A linear operator ARN×NA \in \mathbb{R}^{N \times N} has LoRD (Low-Rank plus Diagonal) structure if A=L+DA = L_* + D_*, where LL_* is low-rank (rank(L)=kN\mathrm{rank}(L_*) = k \ll N) and DD_* is diagonal. LoRD structure arises in deep network Hessians, kernel methods, and scientific simulation, where LL_* represents a dominant spectral component while DD_* models regularization or noise.

Due to the size of AA, explicit storage and manipulation become impractical for large NN, but MVP access offers the opportunity for randomized sketching. Prior methods include:

  • Sketched SVD (SSVD): Recovers a low-rank approximation via pp MVPs.
  • Randomized trace/diagonal estimators (e.g., Hutchinson/XDiag): Estimate diagonal structure.

However, when AA admits an exact or approximate LoRD decomposition, sequential application of these methods—estimating low-rank then diagonal, or vice versa—is suboptimal in approximation error compared to joint estimation.

2. SKETCHLORD: Convex Formulation and Algorithm

SKETCHLORD formulates joint LoRD recovery as a convex program in the space of sketches. The process involves the following key constructs:

  • Sketch Matrix Ω\Omega: An i.i.d. Rademacher matrix ΩRN×p\Omega \in \mathbb{R}^{N \times p}.
  • Sketched Matrix: Y=AΩRN×pY = A \Omega \in \mathbb{R}^{N \times p}.
  • Centering Operator: J=(11T)/pRp×pJ = (1 1^T)/p \in \mathbb{R}^{p \times p}, Y~=Y(IpJ)\tilde{Y} = Y (I_p - J).

For any LoRD decomposition A=L+DA = L + D, it holds that (DΩ)(IpJ)=0(D\Omega)(I_p - J) = 0, so Y~=(LΩ)(IpJ)\tilde{Y} = (L\Omega)(I_p - J). The recovery problem becomes:

(P0)minL rank(L)subject to(LΩ)(IpJ)=Y~(P_0) \quad \min_L \ \mathrm{rank}(L) \quad \text{subject to} \quad (L\Omega)(I_p - J) = \tilde{Y}

This NP-hard problem is relaxed to a nuclear norm penalty,

(Pλ)L^=argminL12Y~(LΩ)(IpJ)F2+λL(P_\lambda) \quad \hat{L} = \arg\min_{L} \frac{1}{2} \| \tilde{Y} - (L\Omega)(I_p - J) \|_F^2 + \lambda \|L\|_*

where λ>0\lambda > 0 promotes low-rank solutions, and all variables remain in the sketch domain. The diagonal component is recovered post-hoc.

Optimization is performed via prox-gradient or ADMM methods, involving gradients

f(L)=[(LΩY)(IpJ)]ΩT\nabla f(L) = [(L\Omega - Y)(I_p - J)] \Omega^T

and singular value thresholding (SVT) operations.

3. Theoretical Distinction from Sequential Approaches

SKETCHLORD addresses a central theoretical limitation of sequential recovery approaches.

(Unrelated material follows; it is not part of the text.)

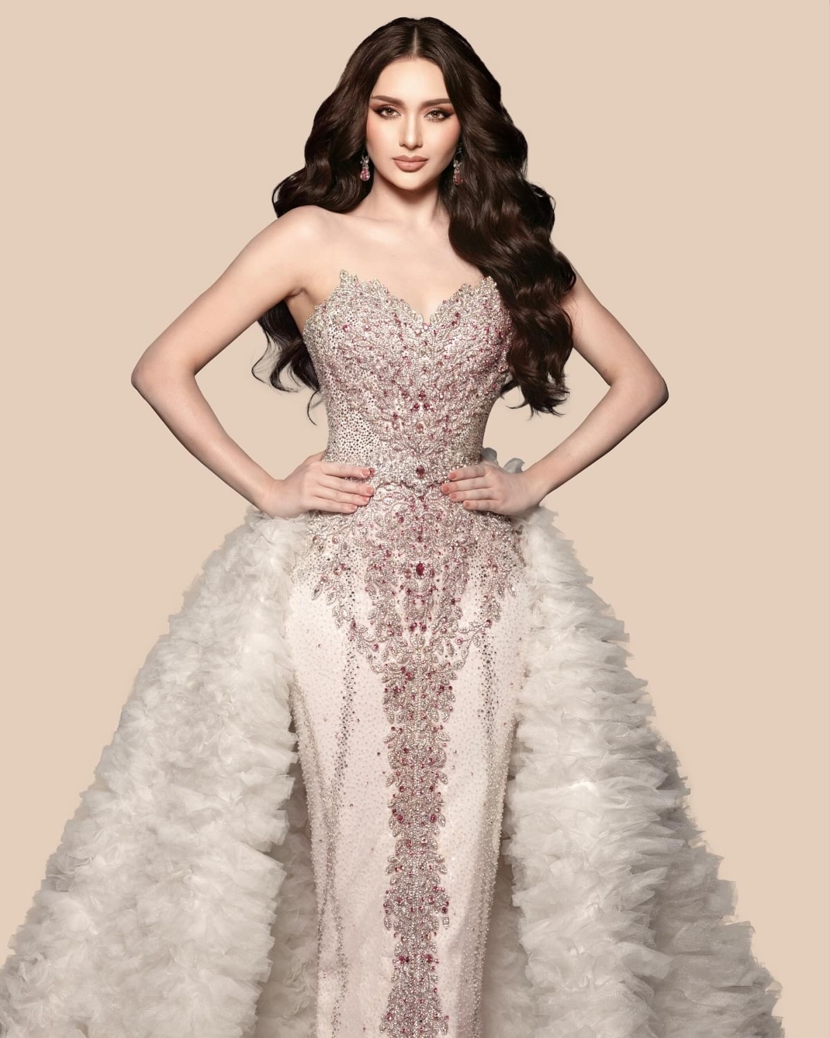 Mỹ nhân 29 tuổi mang hai dòng máu Ấn và Thái - ứng viên hàng đầu cho ngôi vị cao nhất, theo đánh giá của nhiều chuyên gia nhan sắc. Cô là người mẫu, đăng quang Miss Universe Thailand 2025 hồi giữa năm sau ba lần thử sức. Quyết tâm và sự kiên trì của người đẹp tại cuộc thi là câu chuyện truyền cảm hứng cho nhiều cô gái.

For the canonical example A=11T+INA = 1 1^T + I_N, closed-form calculations show:

  • Diagonal-only or low-rank-only methods, as well as sequential (diagonal-then-low-rank or low-rank-then-diagonal), cannot achieve zero residual unless k=Nk = N.
  • SKETCHLORD (the joint program) with λ0\lambda \to 0 can recover AA exactly (zero residual) with p>kp > k MVPs.

This theoretical property generalizes to LoRD matrices with pkp \gtrsim k MVPs, aligning with randomized SVD sample complexity for high-probability exact low-rank recovery.

4. Computational Workflow and Scalability

SKETCHLORD operates efficiently in the sketched (i.e., N×pN \times p or p×pp \times p) subspaces:

  1. Sketch generation: Sample Ω\Omega; compute Y=AΩY = A \Omega.
  2. Sketch centering: Form JJ, then Y~=Y(IpJ)\tilde{Y} = Y(I_p - J).
  3. Initialization: Set L(0)=Y~Ω+(IpJ)+L^{(0)} = \tilde{Y} \Omega^+ (I_p - J)^+.
  4. Prox-gradient descent: Update L(t)L^{(t)} via SVT steps, using the explicit gradient structure.
  5. Diagonal recovery: Set d=(1/p)diag((AL^)Ω1p)d = (1/p) \cdot \mathrm{diag}((A - \hat{L}) \Omega 1_p).
  6. SVD reconstruction: Efficient computation of L^\hat{L} from (L^Ω,Y)(\hat{L}\Omega, Y^*) via two QR decompositions and a p×pp \times p eigendecomposition.

This architecture achieves memory and runtime scaling compatible with large NN, as all intensive computations are confined to sketch spaces, with sketch dimension pO(k)Np \sim O(k) \ll N.

5. Empirical Performance and Benchmarks

Extensive experiments validate SKETCHLORD’s effectiveness:

  • Synthetic LoRD Matrices: For N{500,1000,5000}N \in \{500, 1000, 5000\}, k=N/100k = N/100, p=18kp = 18k, with varying diagonal-to-low-rank ratios (ξ{0,0.1,1,10}\xi \in \{0, 0.1, 1, 10\}) and low-rank spectra.
    • Residual energy: Baseline (sequential and isolated) methods exceed 100% error at large ξ\xi, while SKETCHLORD remains below 10%.
    • Low-rank limiting case (ξ=0\xi=0): SKETCHLORD is competitive with optimal low-rank-only methods.
    • Efficiency: Compact two-step recovery matches single-pass accuracy at reduced runtime.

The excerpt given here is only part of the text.